Cautionary Statements Regarding Forward-Looking Statements

 

Certain statements in this communication regarding the proposed merger between AMG and Highbury, other statements relating to future results, strategy and plans of AMG and Highbury (including certain projections and business trends, and statements which may be identified by the use of the words “may”, “intend”, “expect” and like words) and statements relating to the amount of the special dividend constitute “forward-looking statements” as defined in the Private Securities Litigation Reform Act of 1995. Actual results may differ materially from those projected as a result of certain risks and uncertainties. For AMG, these risks and uncertainties include, but are not limited to changes in the securities or financial markets or in general economic conditions, the availability of equity and debt financing, competition for acquisitions of interests in investment management firms, the ability to close pending investments, the investment performance of AMG’s affiliates and their ability to effectively market their investment strategies and other risks detailed from time to time in AMG’s filings with the SEC. For Highbury, factors include, but are not limited to: the successful combination of Highbury with AMG’s business, the ability to retain key personnel and the ability to achieve stockholder and regulatory approvals and to successfully close the transaction.

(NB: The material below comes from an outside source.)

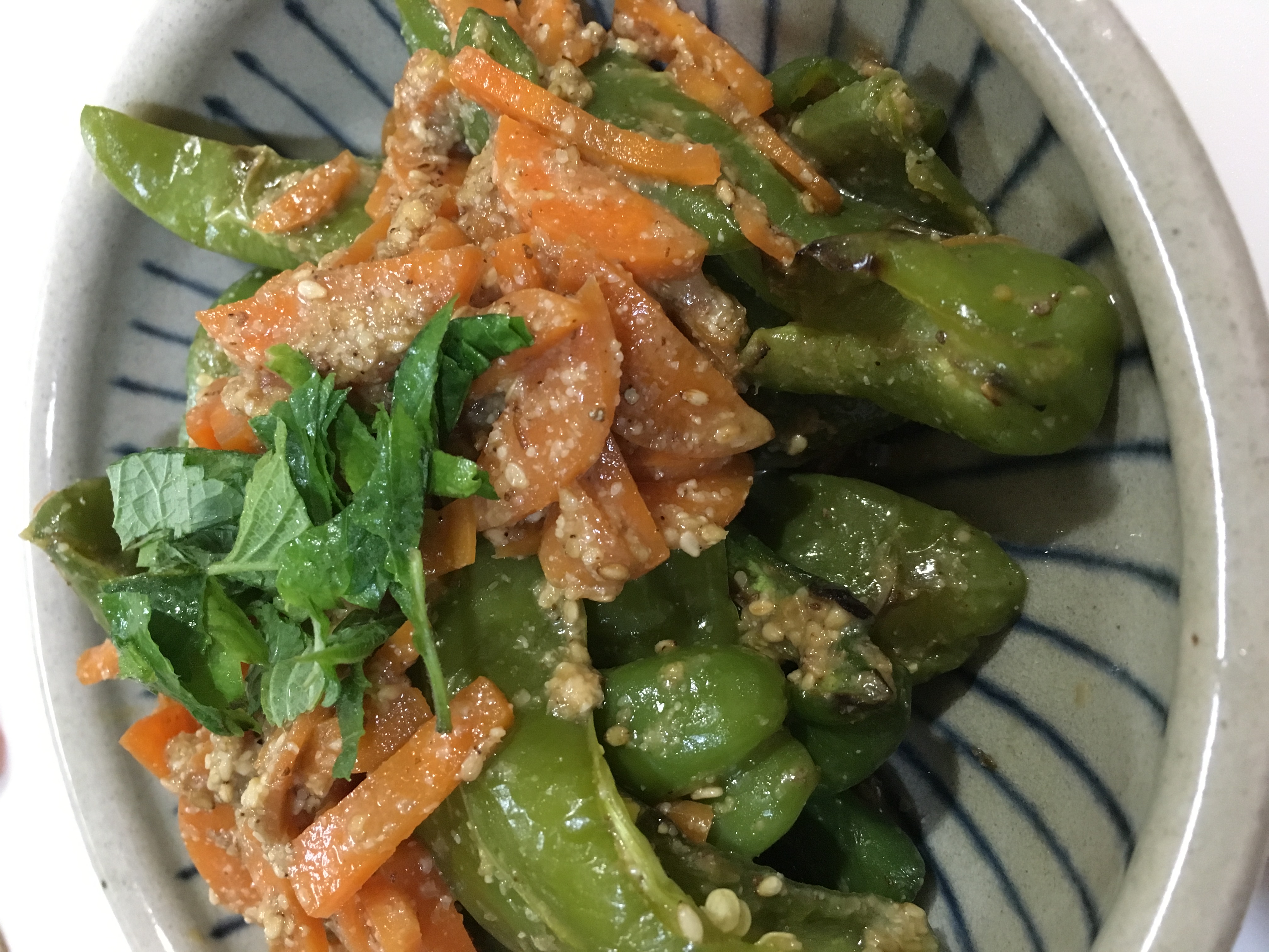 ピーマンって、食べ方がワンパターンになりがちでした。「チンジャオロース」か「炒めて醤油で味付け」「鰹節和え」「塩昆布和え」この辺りが、簡単に出来て良く作るピーマン料理でした。ちょっと違った風に食べたいと思って作ってみたのが「味噌和え」でした。なかなかおいしく出来たのでアップしますね。「グリルピーマンの胡麻味噌和え」<材料2人前>ピーマン 5~8個人参 細いの一本青じそや海苔の細切りなどトッピング用にお好きな具材(ストックにあるもので構いません)A(味噌 大さじ1 砂糖 大さじ半分 醤油 小さじ半分 すりごま 大さじ2~3)1、ピーマンは半分に切って、ヘタと種を取り除きます。2、魚焼きグリルに水を張り、ピーマンを中火でグリルします。3、にんじんは細目の短冊切りにして、小鍋にお湯を沸かし、沸騰したお湯で火が通るまで加熱し、湯を切っておきます。(小皿に水を少し入れてラップしてチンでもOKです)4、Aを混ぜてグリルしたピーマンと3を入れて混ぜます。(熱いままでOK)5、シソを細切りしてトッピングして完成です。沢山作ったら、2,3日は冷蔵庫で保存出来ます。常備菜としてもいいですよ。

Additional information on other factors that may cause actual results and Highbury’s performance to differ materially is included in Highbury’s periodic reports filed with the SEC, including but not limited to Highbury’s Form 10-K for the year ended December 31, 2008 and subsequent Forms 10-Q. Copies may be obtained by contacting Highbury or at the SEC’s web site at http://www.sec.gov. Highbury cautions readers not to place undue reliance upon any forward-looking statements, which speak only as of the date made. These forward-looking statements are made only as of the date hereof, and Highbury undertakes no obligations to update or revise the forward-looking statements, whether as a result of new information, future events or otherwise, except as required by law.